Effect of anti-ApoA-I antibody-coating of stents on neointima formation in a rabbit balloon-injury model

Abstract

Background and aims: Since high-density lipoprotein (HDL) has pro-endothelial and anti-thrombotic effects, a HDL recruiting stent may prevent restenosis. In the present study we address the functional characteristics of an apolipoprotein A-I (ApoA-I) antibody coating in vitro. Subsequently, we tested its biological performance applied on stents in vivo in rabbits.

Materials and methods: The impact of anti ApoA-I- versus apoB-antibody coated stainless steel discs were evaluated in vitro for endothelial cell adhesion, thrombin generation and platelet adhesion. In vivo, response to injury in the iliac artery of New Zealand white rabbits was used as read out comparing apoA-I-coated versus bare metal stents.

Results: ApoA-I antibody coated metal discs showed increased endothelial cell adhesion and proliferation and decreased thrombin generation and platelet adhesion, compared to control discs. In vivo, no difference was observed between ApoA-I and BMS stents in lumen stenosis (23.3±13.8% versus 23.3±11.3%, p=0.77) or intima surface area (0.81±0.62 mm2 vs 0.84±0.55 mm2, p=0.85). Immunohistochemistry also revealed no differences in cell proliferation, fibrin deposition, inflammation and endothelialization.

Conclusion: ApoA-I antibody coating has potent pro-endothelial and anti-thrombotic effects in vitro, but failed to enhance stent performance in a balloon injury rabbit model in vivo.

Fig 1. HMEC-1 cell growth on coated and uncoated disks.

HMEC-1 cell growth on ApoA-I-coated discs in 100%, 10% and 1% density, incubated in HDL after 1, 2 and 4 days, compared to similarly incubated uncoated discs (control). Error bars indicate Standard Deviation (SD) of mean (n = 3). (* = P<0.05). HMEC-1 cell adhesion (B) on disks—HMEC-1 cell adhesion on ApoA-I-, ApoB- or Isotype-coated discs with 100% and 10% antibody density, incubated for 4 days. Error bars indicate Standard Deviation (SD) of mean (n = 4). (* = P<0.05)

Fig 2. Thrombin generation on coated discs.

Thrombin generation for discs coated with either ApoA-I-, ApoB-, Isotype- or no antibody (empty discs), compared to thrombin generation in absence of a disc (negative control). (n = 4).

Fig 3

A. Platelet adhesion on coated disks. Platelet adhesion: SEM analysis of adhered platelets on surfaces coated with ApoA-I-, ApoB- or isotype antibody after corresponding pre-treatment. The number of adhered platelets are given as the mean ± SD (n = 3). (* = P<0.05). B. Platelet morphology. The morphology of the adhered platelets was divided into 4 different classes representing various degrees of activation, ranging from “round” (weak), “dendritic” (intermediate), “spread/dendritic” (strong) to “spread” (very strong). The data are presented as the percentage of platelets exhibiting the indicated morphology. Data error bars are the standard deviation of the mean (n = 3).
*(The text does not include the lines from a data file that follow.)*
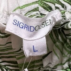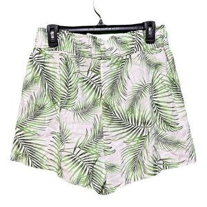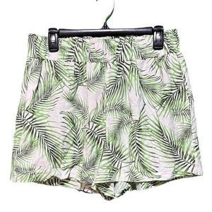 NWT Sigrid Olson Shorts Pull On Elastic Waist Linen Blend Green White Leaf Large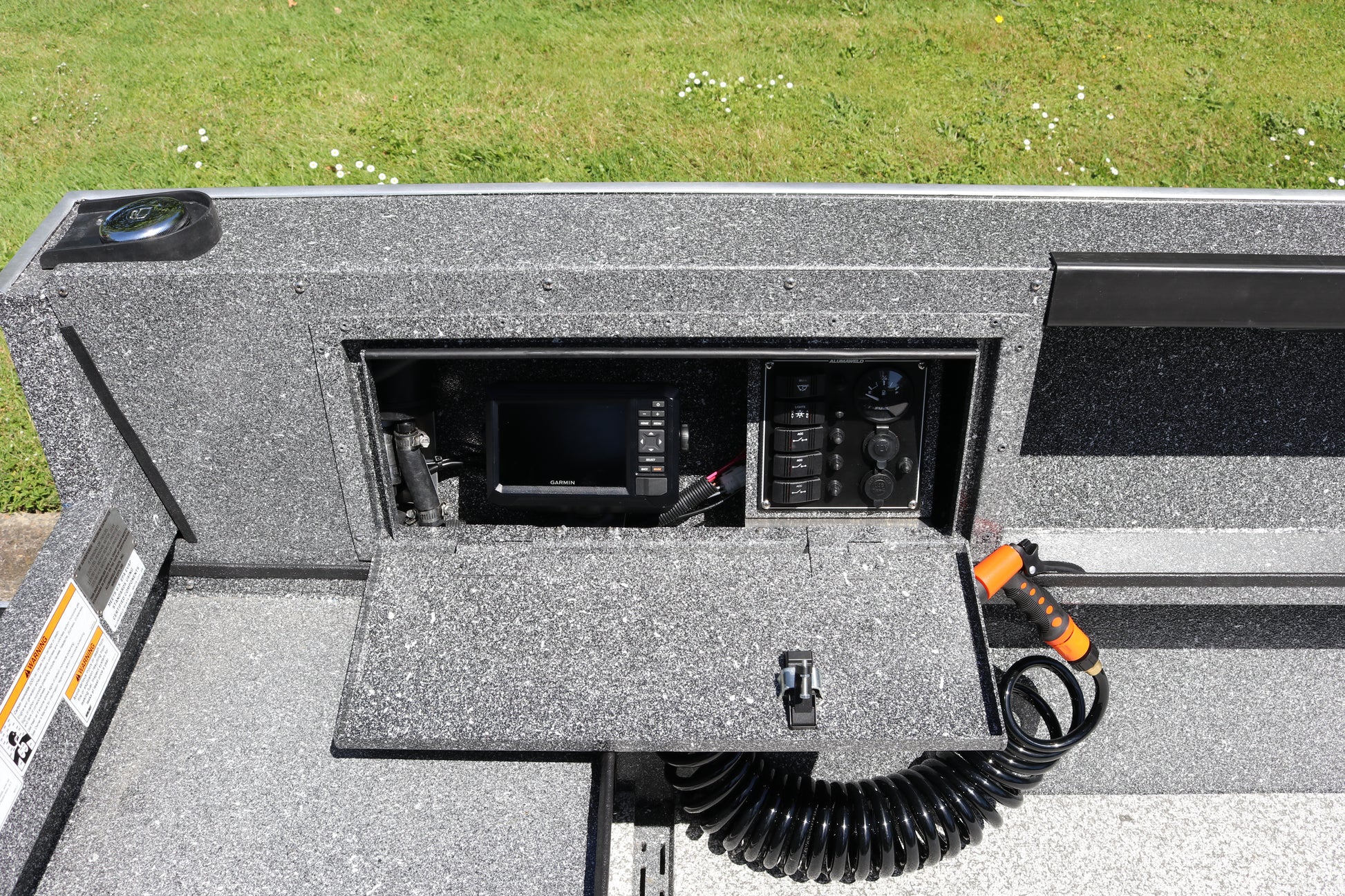 The Adventurer provides the versatility of a jet or prop application. The 14° bottom with Alumaweld’s exclusive Ride Master Vee (RMV) bottom allows you to achieve the benefits of a deep vee bottom. Allowing you to cut through chop and yet the ability to use in a jet application. High sides, along with a wide coaming, provides stability while standing fighting that record fish.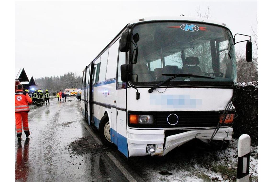 Der mit 42 Schülern im Grundschulalter besetzte Bus war bei Grassau im Landkreis Traunstein mit einem Auto zusammengestoßen.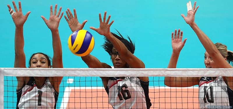 Foluke Akinradewo spikes the ball past Stephanie Enright of Puerto Rico at the women's preliminary Pool B match between the United States and Puerto Rico at the Rio de Janeiro Olympic Games at Maracanzinho on Aug. 6, 2016 in Rio de Janeiro.

Fig 4. Morphometric analysis results.

Lumen stenosis (A1 and A2), intima surface (B1 and B2) and IM-ratio (C1 and C2) of anti ApoA-I coated stent and BMS stent 28 days after implantation. Bars indicate mean value per section with error bars indicating the standard deviation (SD). Three left panels (A1, B1 and C1) show results of five stent regions together. No significant differences were observed between the two stent types. Three right panels (A2, B2 and C2) show results of individual stent regions in the two stent types. No significant differences were observed between the corresponding regions in the two stent types.

Fig 5. Immunohistochemical analysis.

Results of immunohistochemical analysis (top) with corresponding representative examples of the immunohistochemical staining (20x objective). KI-67 (first panels), Fibrin (second panel), RAM11 (third panel) and VWF (fourth panel) are shown. Bars indicate mean score or count with error bars indicating the standard deviation (SD). Proliferation (KI-67), fibrin deposition, macrophage infiltration (RAM11) and endothelialization (VWF) were not significantly different between the two stent types.

Fig 6. Scanning electron microscopy overview.

SEM images of a 28-day BMS (upper half) and anti- ApoA-I coated stent (lower half) implanted in the rabbit common iliac artery. High magnification details of stent strut coverage are shown of three randomly chosen spots, next to the low magnification overview in the centre. Complete endothelial lining of the lumen is shown in all high-magnification details, with similar endothelial cell aspect.